SOSYALE ŞEMEYEN ÇOCUKLAR
Ailelerin çoğu her yaştaki çocuğunun sosyalleşemediğinden şikayetçi oluyor. İnsanlarla konuşmadıklarından, kendi arkalarına saklandıklarından yakınıyorlar.
Ailelerin aşırı koruyucu tutumları bir yana bırakılırsa çocukların sosyalleşmeleri için insanlarla ilişki kurabildikleri ortamlarda olmaları gerekir. Mahalleye çıkabilmek, komşu teyze, bakkal amca ile konuşabilmek, kreş ya da eve gelen misafirler dışında en iyi fırsatlardır. Evin içinde, arada AVM'lere giderek ya da çok zor bulunan parklarda zaman geçirerek sosyalleşmek zor oluyor.

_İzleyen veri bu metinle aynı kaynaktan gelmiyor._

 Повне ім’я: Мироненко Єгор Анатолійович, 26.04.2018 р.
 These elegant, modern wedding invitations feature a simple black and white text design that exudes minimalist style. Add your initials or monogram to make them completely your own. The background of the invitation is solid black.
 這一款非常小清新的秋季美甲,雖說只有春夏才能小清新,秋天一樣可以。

Kendi sistemlerinin dışında kalan kişilerle tanışamamaları bir başka sorun. Okullar da çoğunlukla farklı kültür, sosyal ve ekonomik seviyede olan çocuklarla karşılaşmalarına imkan vermiyor.
Oysa eskiden aynı okulda çocuk yaşamı boyunca karşılaşabileceği herkesle karşılaşırdı. Herhangi bir gelişimsel sorunu, hastalığı, engeli olan çocukları çoğu okul ve veliler istemiyor. Böylece çocuk erişkin döneminde karşılaşacağı, birlikte yaşayacağı farklı kişileri tanıyamıyor. Oysa gelişimin önemli bir parçası farklı insanları tanımak ve birlikte olmaya uyum sağlamak. Bu kısıtlamalar erişkinlerin de birbirlerinden ayrı, kopuk hatta birbirlerine tahammülsüz olmalarına neden oluyor.

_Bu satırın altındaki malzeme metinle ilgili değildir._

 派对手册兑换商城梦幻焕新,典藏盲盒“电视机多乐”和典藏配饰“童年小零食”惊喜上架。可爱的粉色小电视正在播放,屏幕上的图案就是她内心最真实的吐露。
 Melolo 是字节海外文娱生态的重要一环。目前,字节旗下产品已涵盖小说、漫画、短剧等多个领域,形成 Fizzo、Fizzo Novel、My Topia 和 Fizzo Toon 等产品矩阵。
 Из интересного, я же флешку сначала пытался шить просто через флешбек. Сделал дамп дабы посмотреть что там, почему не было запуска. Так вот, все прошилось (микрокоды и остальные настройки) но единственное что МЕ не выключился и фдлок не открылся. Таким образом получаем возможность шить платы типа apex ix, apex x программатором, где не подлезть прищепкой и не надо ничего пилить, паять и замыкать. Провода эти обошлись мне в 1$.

Ben mahallemin korunmasını istiyorum. Sabah selamlaşmalarımdan vazgeçmek istemiyorum. Mahallemin modernleşme adına orada yaşayanların haklarını gözetmeyen kişiler tarafından işgal edilmesini, değiştirilmesini istemiyorum. Ben mahallemde kendilerini güvende hisseden mahalle çocukları olsun istiyorum. Çocukların mahalle denildiği zaman bir politik terimi değil, insanların selamlaştığı, birbirlerine saygı gösterdiği ve çocukları hep birlikte korudukları yerleri anlamalarını istiyorum. Çok mu şey istiyorum?